Danish wheelchair racer

Ebbe Blichfeldt is a Danish wheelchair racer living in Switzerland who has competed internationally in the Paralympic Games and other para-athletic events, in the T54 classification for athletes with spinal cord injuries who compete in wheelchairs.

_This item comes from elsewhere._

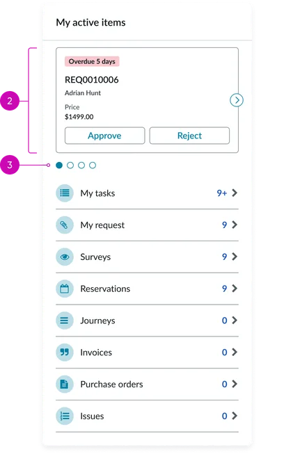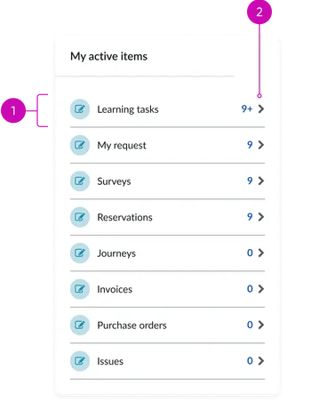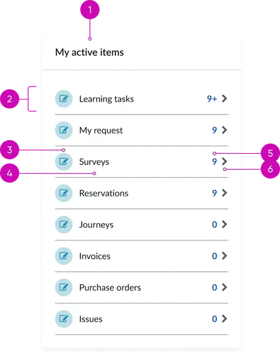 - Title: A clear and descriptive heading indicating the widget's content (e.g., "My requests," "My tasks," "My approvals"). The default title is "My active items." Consider providing customization options for this title.

He also works as an occupational therapist.

Blichfeldt was paralysed at age 13 as a side effect of cancer, and began wheelchair racing in 2001. His competitions have included competing for Denmark at the 2008 Summer Paralympics, and for Denmark at the 2016 Summer Paralympics, where he qualified as the only Danish wheelchair racer, and earned big cheers from the crowd despite finishing last in his heat in the 5000m race. He placed third in the wheelchair category of the Dublin Marathon in 2018, and second in the 2018 Rome Marathon. He has held the Danish records for 1500m and 5000m wheelchair racing.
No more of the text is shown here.